Where to even begin… In the space of five weeks, I went from hoping I got accepted to the Startup Catalyst Youth Mission, to getting selected and frantically arranging flights/money/visa, to spending 10 days in San Francisco with 21 incredible humans. The rollercoaster might have finally stopped, but my head is definitely still spinning.
I guess we’ll start with the elephant in the room.
What is Imposter Syndrome?
Put simply, it’s the feeling of “why the hell did they choose me?”
I felt that from day 1, even before getting on the plane, and it took me about two days to have my first #realtalk conversation with Peter, our team leader. I told him point blank, I have no idea why I’m here or why I was chosen, and he told me exactly why. I had a number of similar conversations on the trip, and as helpful as it was to talk about it, and voice those feelings, no amount of talking would make that feeling go away.
And you know the funny part? Throughout the trip, I found out almost every other person in the cohort felt like an imposter at some point too, that they didn’t deserve to be there.
So you know what I did? I said “fuck it”. Whether I thought I measured up to all these other people was irrelevant, I was there, no backsies. After that first conversation with Peter, I decided not to let Imposter Syndrome hold me back, to give every day my all, and get everything I possibly could out of the mission.
And I did :)
Why was I there?
Early on we were all asked to write down “why are you on this mission?”, “what do you hope to get out of it?”
For some people that was easy; meeting a certain person, going to a certain place, etc. Me? I had no idea, all I knew is that I wanted to be a Catalyst Future Founder.
Eventually I decided “it doesn’t matter”. It didn’t matter that I had no idea, I’d figure it out along the way like I always do, and over 10 days I came up with some questions I wanted to answer:
- What do I want to focus on? What direction do I want to take when I get home?
Figuring out what the hell to do with ourselves was a recurring theme for a lot of the cohort, and for me that question has a heap of subquestions.
- What is my “why”?
I’ve asked myself this before, but Catalyst brought it to the forefront again. My driving force is helping people to “be better”, which is why I’ve done so much volunteering, and I love teaching. The problem isn’t figuring out “why”, but figuring out how to harness it in a direction that I will be happy with.
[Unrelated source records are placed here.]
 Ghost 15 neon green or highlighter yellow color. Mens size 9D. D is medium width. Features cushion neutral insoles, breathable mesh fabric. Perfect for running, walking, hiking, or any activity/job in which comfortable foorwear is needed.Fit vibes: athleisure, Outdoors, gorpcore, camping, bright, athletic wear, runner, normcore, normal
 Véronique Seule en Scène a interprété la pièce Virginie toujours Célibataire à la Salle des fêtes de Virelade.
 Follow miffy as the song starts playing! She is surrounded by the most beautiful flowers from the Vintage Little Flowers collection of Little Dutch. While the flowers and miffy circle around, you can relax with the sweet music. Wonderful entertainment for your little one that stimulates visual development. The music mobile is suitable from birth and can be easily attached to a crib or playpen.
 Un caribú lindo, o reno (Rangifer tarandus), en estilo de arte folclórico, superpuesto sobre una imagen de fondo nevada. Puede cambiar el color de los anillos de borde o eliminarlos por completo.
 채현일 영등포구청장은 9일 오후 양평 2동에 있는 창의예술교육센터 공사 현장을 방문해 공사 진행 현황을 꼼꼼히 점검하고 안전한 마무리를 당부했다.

Neither of these questions have answers just yet, and I’ll probably return to them in another post.
What did I learn?
As you can imagine, 10 days of high intensity activities comes with some learning. Here’s my initial takeaways from the trip: beliefs that have been confirmed or shaken, and what I’ve personally internalised so far.
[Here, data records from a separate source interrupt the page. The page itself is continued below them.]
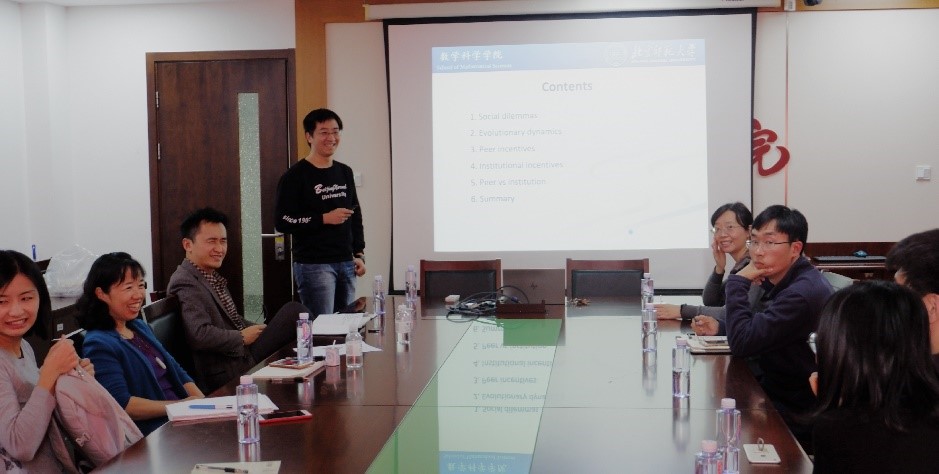 1031日中午,腐漫网 成功举办了第3期行为和实验腐漫网 研讨会。本次研讨会在明德主楼734会议室举行,邀请了北京师范大学数学科学学院副教授张博宇进行了题为《The role of incentive in promoting cooperation》的学术报告。腐漫网 陆方文教授主持了该会议,王湘红教授作了精彩点评。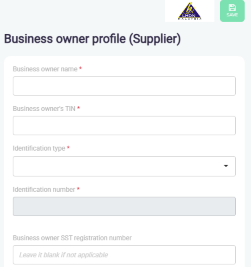 Business owner's TIN * | Tax Identification Number (TIN) registered with LHDN. |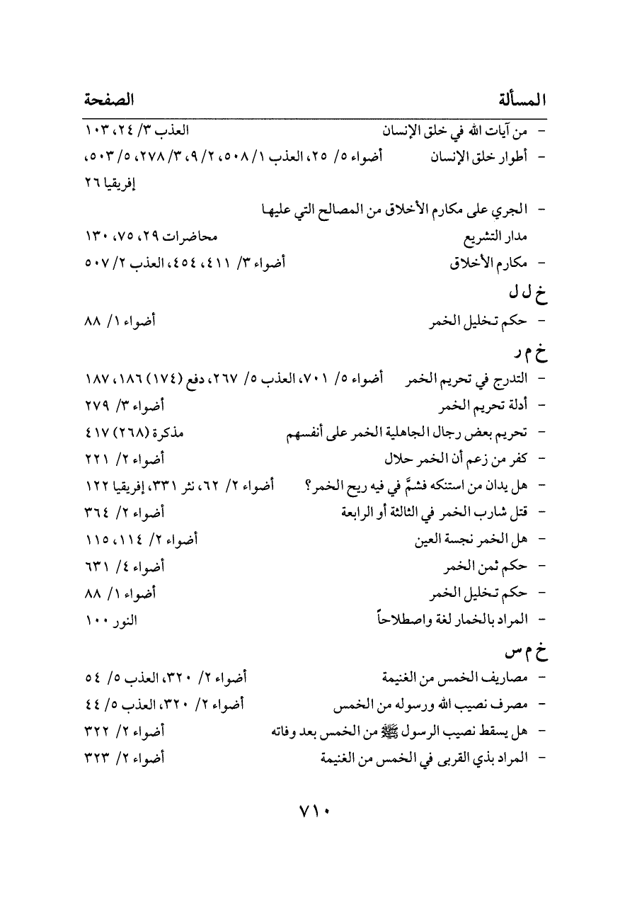 - التدرج في تحريم الخمر ... أضواء ٥/ ٧٠١، العذب ٥/ ٢٦٧، دفع (١٧٤) ١٨٦، ١٨٧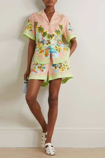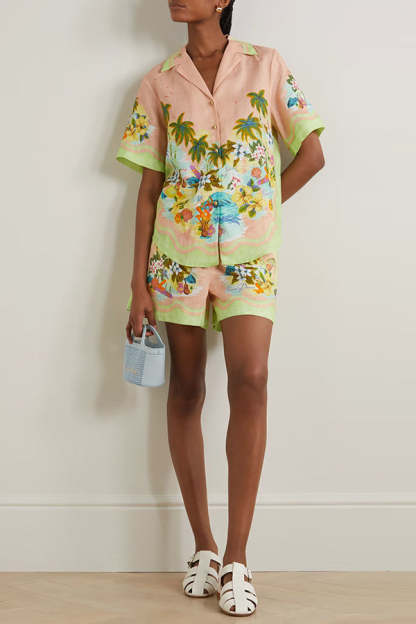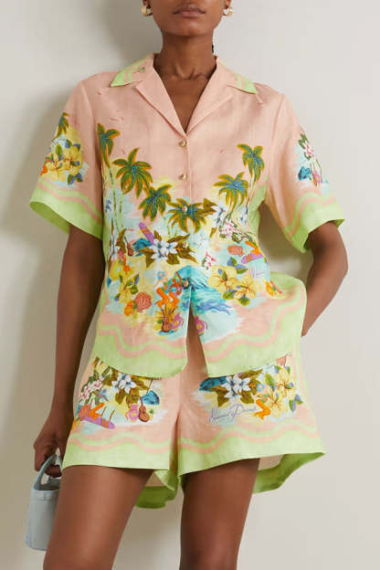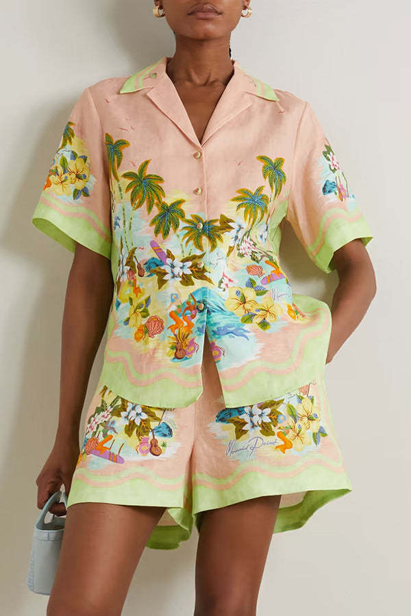Coconut Scenery Linen Blend Tropical Print Blouse and Elastic Waist Pocketed Shorts Set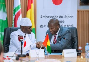 Le Ministre du Plan et de la Coopération Internationale, M. Ismaël NABE a remercié SEM l’Ambassadeur du Japon pour ce Don du Projet d’appui à la transition et salué le pragmatisme de la Coopération avec le Japon : «Nous sommes rassurés pour tout ce que le Japon apporte à la Guinée notamment dans la réalisation des infrastructures notamment les ponts et la formation des cadres guinéens au Japon. Nous sommes vraiment rassurés et satisfait pour tout ce que le Japon fait pour la République de Guinée.. Je peux rassurer la communauté Internationale que ça soit le Système des Nations Unies, notamment le PNUD ou le Japon que le chef de l’Etat apprécie hautement vos contributions pour soutenir la Guinée, donc c’est vous dire merci».

1. Silicon Valley is as high intensity as it sounds.
Things just feel “faster” there, which is a massive contrast to the chill, laid back environment of Australia.
2. San Francisco is full of tech people.
Someone phrased it perfectly: “if you throw a stone in any direction, you’ll probably hit the CEO of something.”
San Francisco is nuts when it comes to people. One night at a bar, I met a bunch of people from the YouTube UX team, including the lead designer. One night we took a wrong turn, and were helped by a technical lead at AutoDesk.
The people/companies you want to meet are so easily accessible, it’s not about how to meet them, it’s what you’ll say when you do.
1. Startups are soul-crushing and emotionally draining.
Don’t get me wrong, I fully understand startups aren’t easy. But they also don’t need to be as hard as people make them out to be. There are resources everywhere to help you on the way, and so many people (especially in Silicon Valley) who are happy to give you their time. Startups are a different kind of challenge, but they’re just a challenge.
2. Everyone in San Francisco is world-class.
Obviously this is not true, but Silicon Valley gets put on such a pedestal that it’s hard to imagine anyone who doesn’t fit the “mould”. Yes, there are plenty of people who are world-class, and kicking goal after goal. But we also met, talked to, and worked with plenty of people who don’t.
I guess the moral of this story is Silicon Valley is just a place, and has the same kind of people you’d meet anywhere else.
What has changed about me?
1. Be Driven
The simplest thing I took away was a sense of urgency, and a desire to “do”. Before getting to San Francisco I would always um and ah about things, leave tasks to the last minute, or avoid them entirely.
After 10 days of non-stop action and high intensity, it kind of lit a fire under me to stop thinking and start doing. I’ve only been back a few days, but I’ve already made that change, and done things I would’ve avoided before Catalyst.
That drive and motivation is one of the things I will be working hard to keep.
2. Do Important Shit
Most of the places we visited and the people we met were solving massive problems, with global markets. I already knew I wanted to leave a mark on the world, but Catalyst reinforced that drive.
How will I do that? No clue. But hopefully answering all these questions, and keeping these two takeaways in mind, will point me in the right direction.
You made it to the end! Honestly I have no idea if any of this makes sense, but it’s a start. There’s still a hell of a lot more to write about, and a lot of things to process, so this is definitely the first of many…
The simplest message I can leave for my first post? Startup Catalyst was one of the best experiences of my life, with some incredibly talented, amazing people, and I can’t wait to tell you more about it.